Instructions to follow
Produce a verbatim copy of the records, and keep the images out of it.

=======

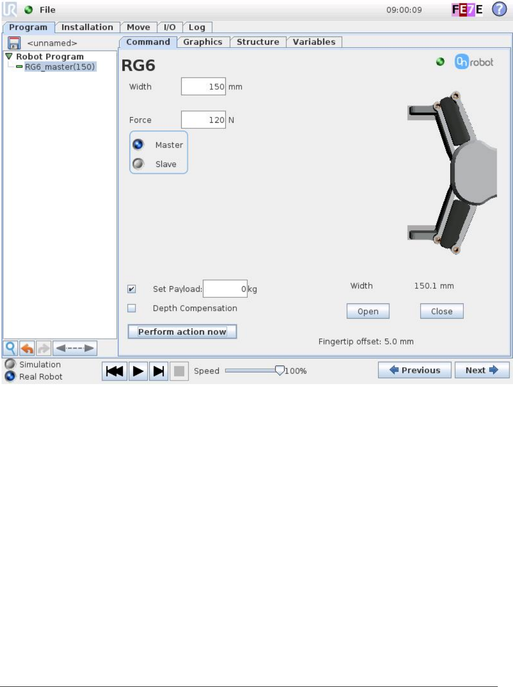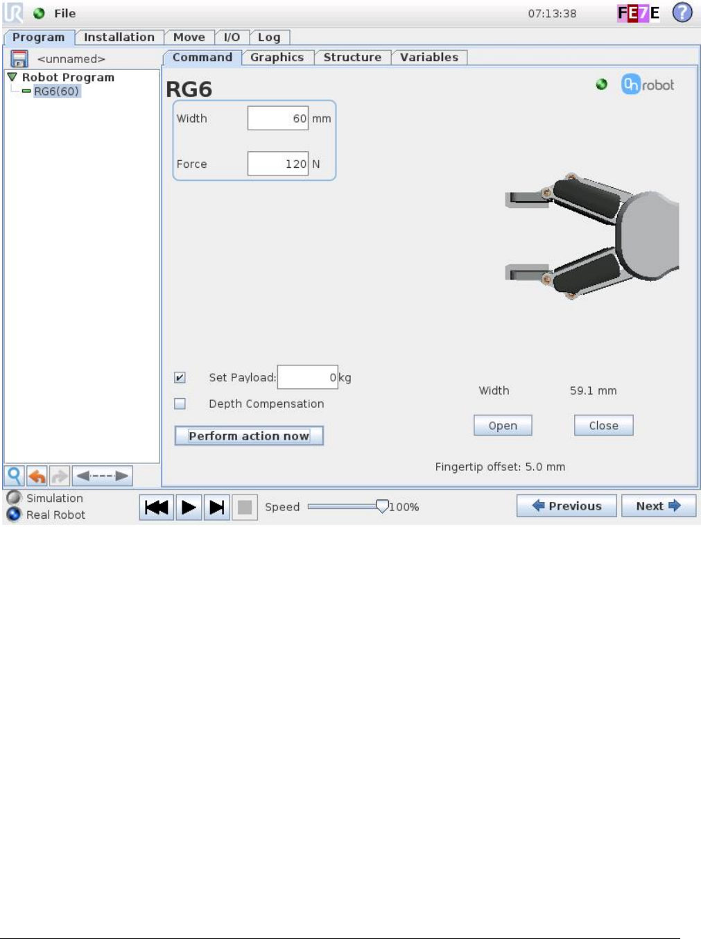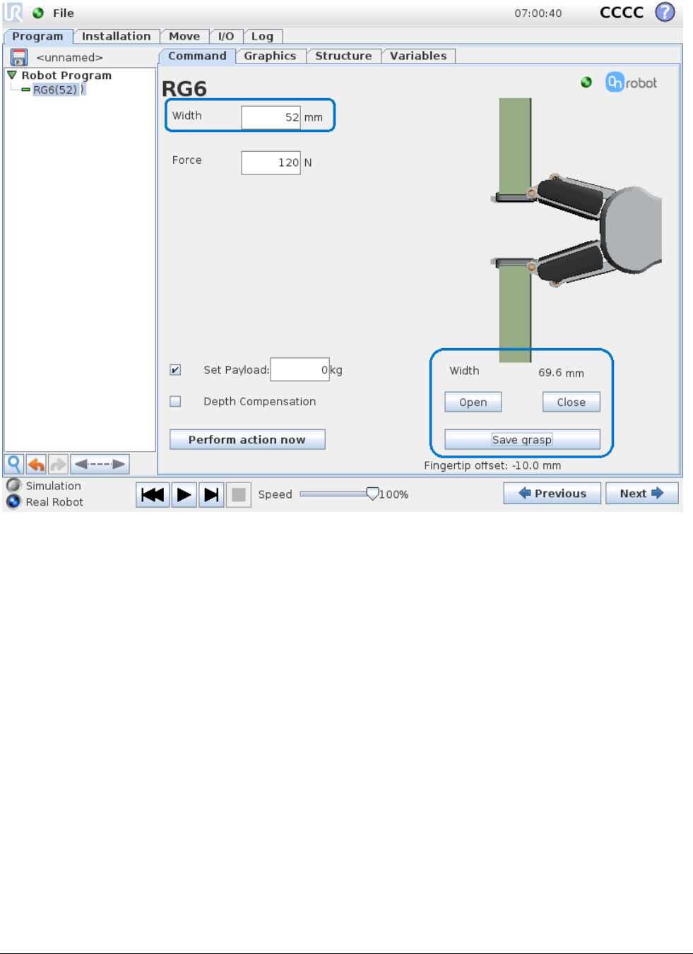 RG6(target_width=110, target_force=40, payload=0.0, set_payload=False, depth_compensation=False,
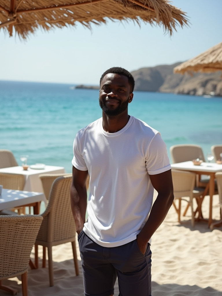 model at a beachside taverna in Kamari, wearing casual shorts with a fitted t-shirt, fresh Greek seafood and ocean views
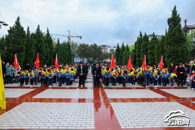 4月2日上午,學校全體黨員同志、300名少先隊員,在民德廣場進行掃墓活動,緬懷革命先烈。
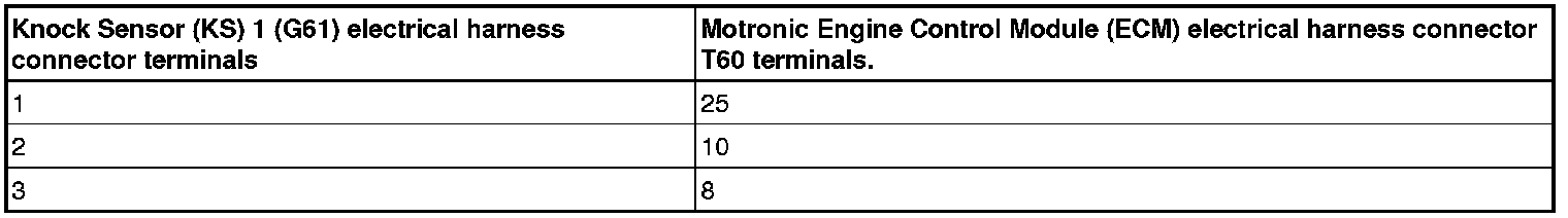- Using a Multimeter, Check the Knock Sensor electrical harness connector to the Motronic Engine Control Module (ECM) (J623) electrical harness connector T60 for an open circuit.
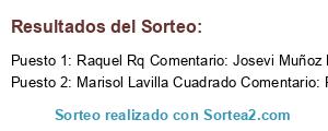 - Ganador: Raquel Rq Comentario: Josevi Muñoz Miriam Campo Monge
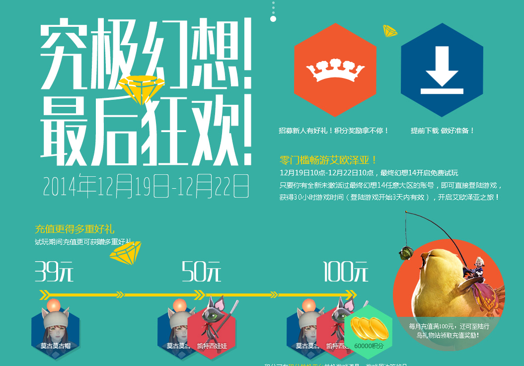 12月19日10点-12月22日10点,2014年人气MMORPG大作最终幻想14限时免费体验即将开启!
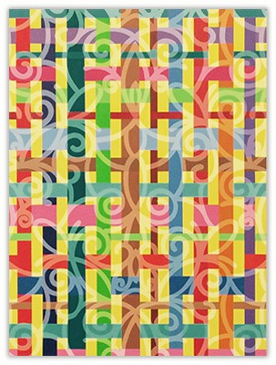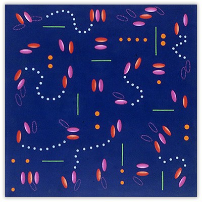 My current work is an exploration of patterns and schemes found in the world around us: in architecture, in nature and especially in textiles. I have found inspiration for my most recent paintings in old European tapestries and ancient textiles from around the world. My work has often involved themes, and in the past I have explored dance-step diagrams and earlier, the night sky.

=======

Task output
 RG6(target_width=110, target_force=40, payload=0.0, set_payload=False, depth_compensation=False,
 model at a beachside taverna in Kamari, wearing casual shorts with a fitted t-shirt, fresh Greek seafood and ocean views
 4月2日上午,學校全體黨員同志、300名少先隊員,在民德廣場進行掃墓活動,緬懷革命先烈。
- Using a Multimeter, Check the Knock Sensor electrical harness connector to the Motronic Engine Control Module (ECM) (J623) electrical harness connector T60 for an open circuit.
 - Ganador: Raquel Rq Comentario: Josevi Muñoz Miriam Campo Monge
 12月19日10点-12月22日10点,2014年人气MMORPG大作最终幻想14限时免费体验即将开启!
 My current work is an exploration of patterns and schemes found in the world around us: in architecture, in nature and especially in textiles. I have found inspiration for my most recent paintings in old European tapestries and ancient textiles from around the world. My work has often involved themes, and in the past I have explored dance-step diagrams and earlier, the night sky.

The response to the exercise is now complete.